# Source data
┌────────

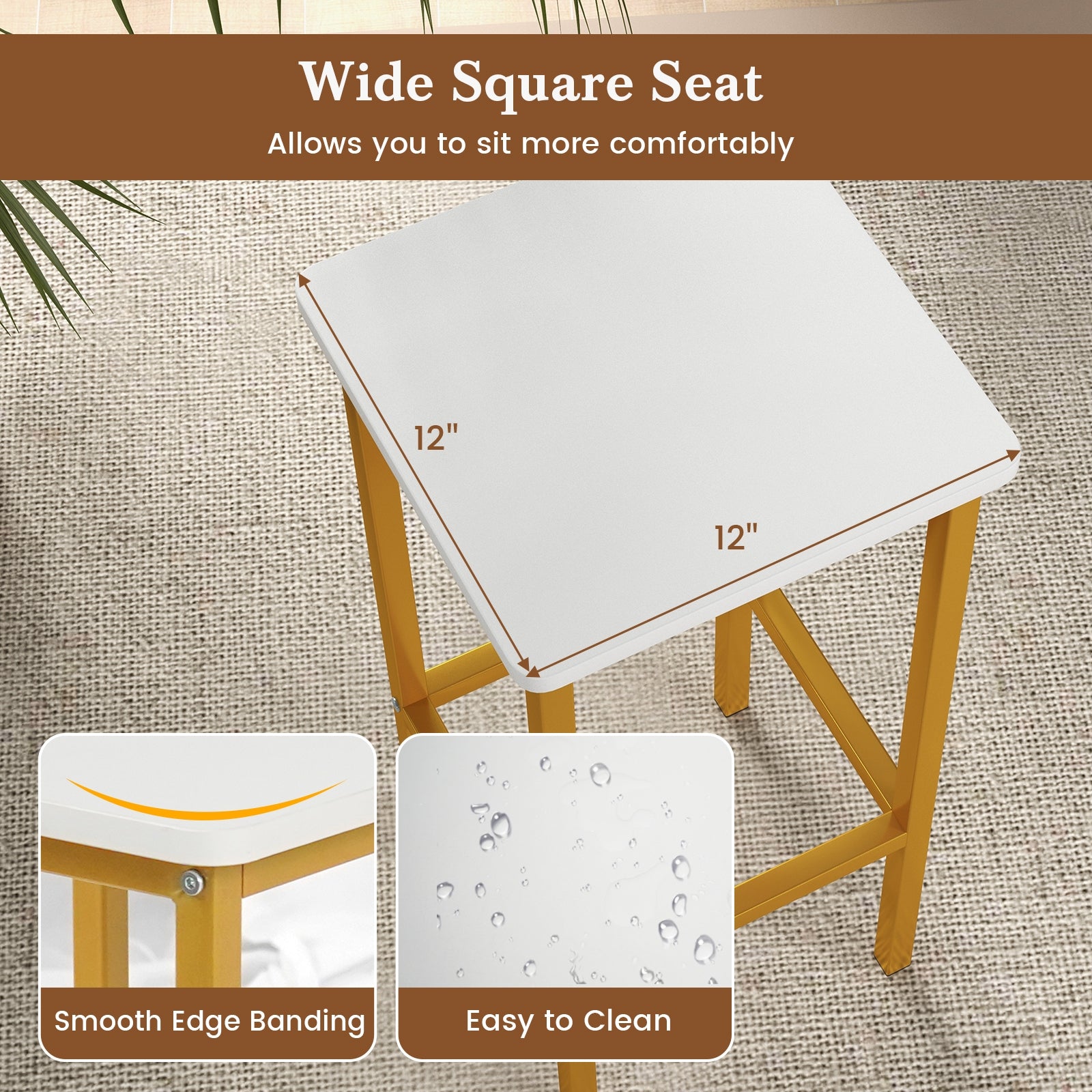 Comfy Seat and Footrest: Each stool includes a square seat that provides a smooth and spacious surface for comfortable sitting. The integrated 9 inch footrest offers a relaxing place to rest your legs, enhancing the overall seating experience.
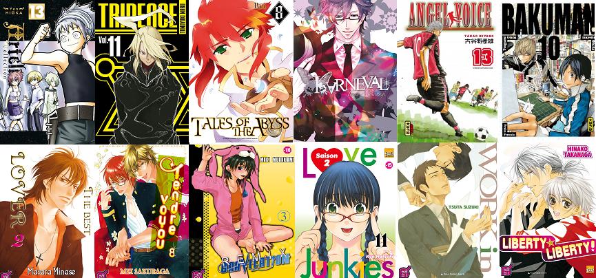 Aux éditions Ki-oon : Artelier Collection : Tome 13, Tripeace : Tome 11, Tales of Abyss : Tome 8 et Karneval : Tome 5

└────────
┌────────

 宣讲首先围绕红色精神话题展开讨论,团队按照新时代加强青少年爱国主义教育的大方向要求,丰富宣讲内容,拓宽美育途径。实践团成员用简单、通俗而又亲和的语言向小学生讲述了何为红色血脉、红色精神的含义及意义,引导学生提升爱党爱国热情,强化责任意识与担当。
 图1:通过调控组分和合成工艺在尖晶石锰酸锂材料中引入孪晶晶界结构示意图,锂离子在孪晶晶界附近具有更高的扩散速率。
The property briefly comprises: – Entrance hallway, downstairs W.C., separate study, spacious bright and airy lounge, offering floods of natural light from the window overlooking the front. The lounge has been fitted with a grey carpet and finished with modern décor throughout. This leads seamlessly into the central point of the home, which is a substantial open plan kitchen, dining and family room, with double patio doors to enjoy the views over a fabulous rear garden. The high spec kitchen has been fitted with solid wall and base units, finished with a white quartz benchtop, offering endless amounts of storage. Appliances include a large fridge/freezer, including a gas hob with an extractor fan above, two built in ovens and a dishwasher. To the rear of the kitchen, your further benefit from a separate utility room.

└────────
┌────────

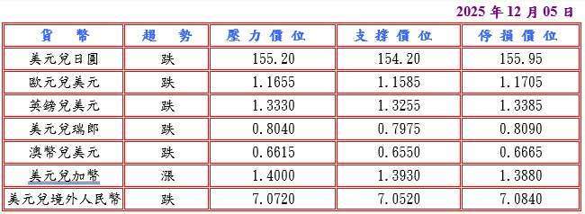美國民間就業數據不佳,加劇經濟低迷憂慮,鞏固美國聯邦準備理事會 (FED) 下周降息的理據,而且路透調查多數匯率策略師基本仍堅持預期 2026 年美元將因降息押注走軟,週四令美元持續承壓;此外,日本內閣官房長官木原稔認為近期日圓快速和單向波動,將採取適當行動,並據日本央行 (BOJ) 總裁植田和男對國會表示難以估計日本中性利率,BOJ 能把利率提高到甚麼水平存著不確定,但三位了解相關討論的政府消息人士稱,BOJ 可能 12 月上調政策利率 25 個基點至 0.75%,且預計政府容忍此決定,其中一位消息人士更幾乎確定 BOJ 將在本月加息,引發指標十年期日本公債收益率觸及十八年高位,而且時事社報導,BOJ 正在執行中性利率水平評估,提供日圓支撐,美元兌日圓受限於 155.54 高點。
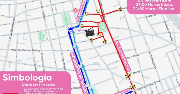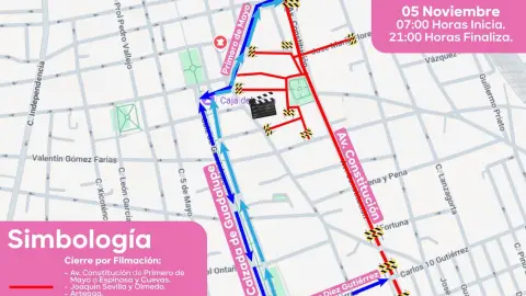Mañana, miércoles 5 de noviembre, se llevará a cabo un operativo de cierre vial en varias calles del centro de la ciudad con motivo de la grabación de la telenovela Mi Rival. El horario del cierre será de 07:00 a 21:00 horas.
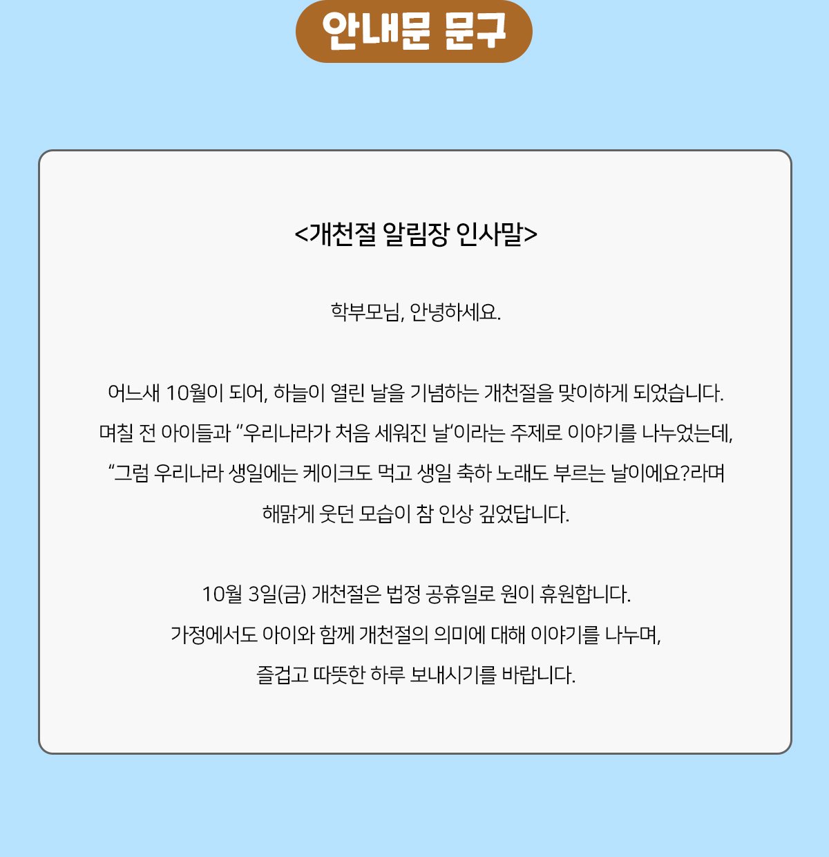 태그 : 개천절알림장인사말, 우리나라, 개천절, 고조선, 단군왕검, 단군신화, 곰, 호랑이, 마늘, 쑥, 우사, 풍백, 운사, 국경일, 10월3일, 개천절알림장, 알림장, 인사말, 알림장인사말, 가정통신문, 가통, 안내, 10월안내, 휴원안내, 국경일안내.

└────────

# What you have to do
Look above for the line with "Comfy Seat and" and the line with "Aux éditions Ki-oon", then restate exactly those two lines and all lines between them, with no pictures.

# Completed exercise
 Comfy Seat and Footrest: Each stool includes a square seat that provides a smooth and spacious surface for comfortable sitting. The integrated 9 inch footrest offers a relaxing place to rest your legs, enhancing the overall seating experience.
 Aux éditions Ki-oon : Artelier Collection : Tome 13, Tripeace : Tome 11, Tales of Abyss : Tome 8 et Karneval : Tome 5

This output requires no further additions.